On deck, Reya Barr sifts fingernails through her fingers. A container of decorated plastic press-ons fell from a Chinese ship six months ago, and here they are, as predicted. She's mapped their theoretical progress on a current chart, but no one ever knows what the ocean will do, not really. She reads the pale pink ovals, one letter at a time. B-R-I-D-E. As though a woman might need to look down midway through her wedding and read her fingertips to tell herself who she is. She puts one on each finger, and crimps her fingers into claws. It's for the money, this cruise. Her student loans are due. BRIDE. Her other hand's all glitter lightning and storm clouds.
This is a particular kind of expedition, a sponsored sail though a plastic sea. The goal is to confirm that the garbage patch is growing, and also to confirm that it's drifting toward Hawaii. Everyone already knows this, but this is science; one hypothesis requires confirmation before another can be made. The scientists are mapping the boundaries of the mass. Garbage flows over the water like something fluid, but it's also distinct, each piece something that can be captured in a net, examined.
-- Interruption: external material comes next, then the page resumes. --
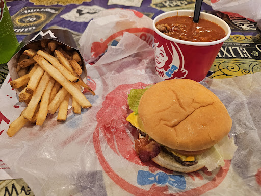 Read moreAbsolutely love Wendy's. Never had an issue with any Wendys. This was our first and last time visiting this Wendy's. Very dirty. Ice all over floor, floor slick. No one cleaned it up the hour we were there. Prepared our baconator fries first sat them on the counter, got our sandwiches 15 mins later. The reason we got our sandwiches late, they started they handed then out the drive thru window. Fries were ice cold. One sandwich was wrong, took back to the counter and the woman says "I knew that was wrong.". Why send it out then? Ate, went to the counter for a Frosty. waited in line with one person in front of me. The woman taking the order was also preparing food with gloves on, came back to the counter flipped her hair out of her face with her hands, took the lady in front of me order, cashed her out and went to prepare her food.All with the same gloves on. We immediately left.

She imagines garbage crossing thousands of miles, drawn to this place. A kind of magnetic desire, drawing like to like. The world is collapsing under plastic ducks. Hula hoops. Water bottles. Were she plastic and thrown into a gutter, Reya might be drawn here herself. She'd sail across the sea, until she arrived in this civilization of crumple.
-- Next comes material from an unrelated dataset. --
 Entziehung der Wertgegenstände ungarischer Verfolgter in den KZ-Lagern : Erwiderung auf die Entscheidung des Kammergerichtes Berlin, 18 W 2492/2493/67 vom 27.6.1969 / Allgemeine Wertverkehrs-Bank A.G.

She leans far out over the rail, squinting at something shiny moving in the garbage. Maybe a gull or a trapped fish. There's an ancient smell out here — rot, salt, and darkness.
There's a kind of weird beauty in the reinvention of an ocean. It's not as though things have never changed before. It isn't as though what she floats on wasn't once ice. And the land she walks on, when she's at home? That land was covered with ocean, the sand full of bones of the sea.
She thinks about that when she feels like pretending that none of this is really going to have repercussions. There was oil geysering up in the Gulf of Mexico; the oil was in the news for a while, and then mysteriously gone, as though some giant mouth beneath the ocean sucked it away. It isn't lost. That much
oil doesn't get lost. But the world is content to believe that water is big enough to win.
Reya has vials full of water thickened with photodegraded plastic, a slurry of children's toys and dildoes, of baggies, shiny leggings, medical tubing and plankton, and all of it looks like the same thing. It looks like water.
Sometimes she dreams of dropping to the bottom, where none of the world has yet gotten, but even the deepest vents are full of mermaid tears and microplastic. The arteries of the earth are clogged with hotel room keys.
The world's ending, yeah. It's begun to bore her, the sort of horror that's dull when considered too deeply from the deck of a research boat out in the middle of the Pacific.
The thing in the garbage patch is still moving. She watches it idly. There was a storm last night, and today the mass has rolled over. New things are visible, bodies of gulls and fish skeletons, dead jellyfish wrapping about indecipherable gleam. She aims her camera at the thing, zooming in on its motion and filming it. She'll post it to the vessel blog. Look at this, expedition donors, this bit of plastic that looks like an animal. Look at this un-thing that looks like life.
The un-thing looks back at her.
“What,” she says, quietly, and then her voice rises. “What the hell is that?”
It's not a seal. It's not a shark. It's not anything like anything.
A cloud drapes itself over Mexico City, yellow with gasoline and cigarettes and souls. It hangs there like something solid, low enough to graze the skyscrapers, putting them to their original task, that of touching the fingers of god. But the cloud is not birthing a god; it's birthing another cloud — small, dark, heavy, wet.
In an office building in London, a janitor pushes a wastepaper bin down a hallway. Inside the bin, a plastic sack of shredded accounts rustles against coffee grounds, newspapers. Its heart is full of decapitated payables, receivables, half words and splintered sentences, crumpled muffin wrappers, its blood copy machine toner and printer ink.